Linearity testing is an area of theoretical computer science which has been widely studied over the last few decades, and lends itself to numerous applications in cryptography and coding theory. Beginning with the seminal work of [BLR93], the goal of linearity testing is to design an algorithm which distinguishes functions that are linear from those that are far from linear. Linearity tests are characterized by two parameters: the test acceptance parameter $\ep$ and agreement parameter $\delta$. Linearity tests have the property that they should always accept when the input function is linear, but if the function is $(1-\delta)-$far from linear should reject with probability $1-\ep$. We build on previous work in this space to construct two novel high dimensional linearity tests, each of which operate in what we refer to as a ``hybrid'' mode between the high and low agreement regimes. Additionally, we provide concrete applications of each to cryptography. Specifically, we use our first novel linearity test to aid us in proving a lattice hardness result; we use our second novel linearity test in the course of proving an approximation variant of the celebrated Goldreich-Levin Theorem in high dimension with low agreement.
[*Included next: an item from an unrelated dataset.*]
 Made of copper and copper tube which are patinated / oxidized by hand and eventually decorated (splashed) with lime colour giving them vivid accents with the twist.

Lattice-based cryptography is the theory of constructing cryptosystems whose security is based on the assumed hardness of lattice problems. Several hard lattice problems, such as the renowned problem of Learning with Errors (LWE), are conjectured to be hard even in the quantum model of computation. As such, many lattice-based cryptosystems serve as the most promising candidates to offer robust security guarantees against quantum adversaries. Beginning with the seminal work of Oded Regev in 2005, a plethora of cryptosystems have been constructed from LWE, including symmetric key encryption, public key encryption, digital signatures, trapdoor functions, fully homomorphic encryption, and many more. However, for many years we had been unable to construct certain types of ``deterministic" cryptosystems directly from LWE, such as pseudorandom function (PRF) families. In 2012, Banerjee, Peikert, and Rosen (EUROCRYPT'12) introduced the problem of Learning with Rounding (LWR), reduced LWE to LWR when the modulus parameter $q$ is super-polynomial in the lattice dimension $n$, and constructed a PRF family from LWR. The assumption that $q$ is super-polynomial in $n$, though, does not provide for practical instantiations of LWR-based cryptosystems; in order to achieve these, we need $q$ to be polynomial in $n$. Many subsequent works provided improved reductions from LWE to LWR for polynomial $q$, but all such works impose an \emph{a priori} bound on the number $m$ of input samples to the reduction.
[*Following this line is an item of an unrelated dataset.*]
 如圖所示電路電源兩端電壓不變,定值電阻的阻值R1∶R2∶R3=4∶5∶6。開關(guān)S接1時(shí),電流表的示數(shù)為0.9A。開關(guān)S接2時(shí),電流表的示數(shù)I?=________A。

We show that when $q$ is polynomial and $m$ is unbounded, there does not exist a certain type of reduction from LWE to LWR. In particular, every prior reduction from LWE to LWR is of this type. Hence no prior reduction from LWE to LWR will work for polynomial $q$ and unbounded $m$. Our result \emph{does not} imply that LWR is easy; instead it asserts that any prior reduction from LWE to LWR for polynomial $q$ and unbounded $m$ cannot operate like any prior reduction in the literature.
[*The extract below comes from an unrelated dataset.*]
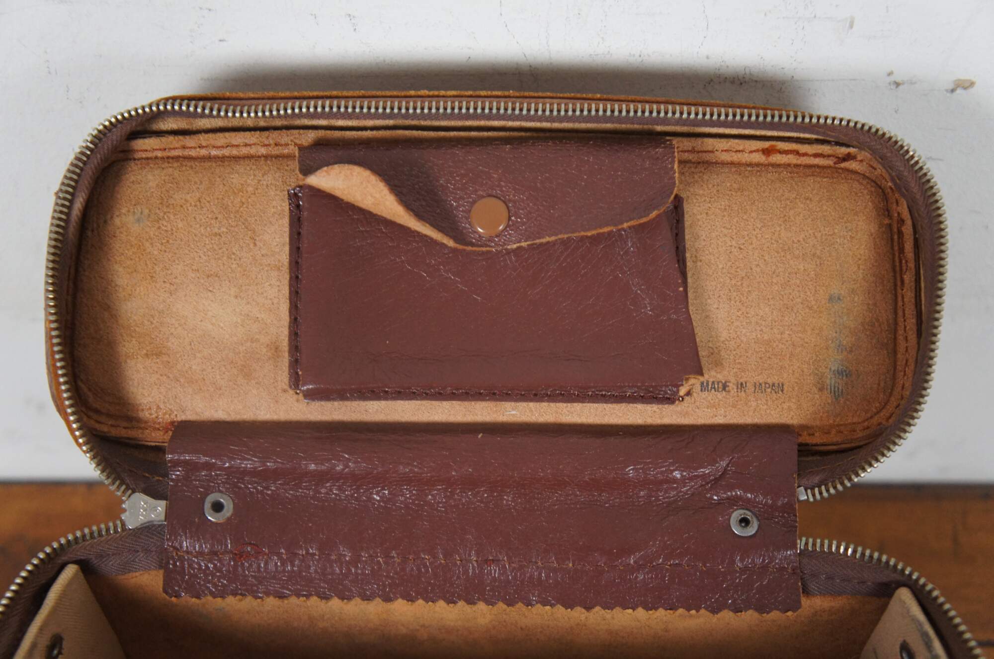 Mid century brown leather camera / accessory bag, made in Japan, with one small interior zip pocket, zippered and slide latch top, a slide latch front pocket, and two buckled straps near the base for tripod or other long accessory.

In the course of proving our result, we introduce a high-dimensional approximate version of the celebrated Goldreich-Levin Theorem (STOC'89). The Goldreich-Levin Theorem at its core solves a learning problem; specifically, it states that any function which predicts the inner product of a secret vector and a uniformly random vector with any advantage over randomly guessing admits an algorithm which recovers the secret vector. Over the last few decades, the Goldreich-Levin Theorem has found numerous applications in cryptography and coding theory, such as to symmetric key cryptography and error correction codes. In our work, we introduce a novel conditional linearity test, and reduce our approximate version of the Goldreich-Levin Theorem in higher dimension to proving such a conditional linearity testing theorem.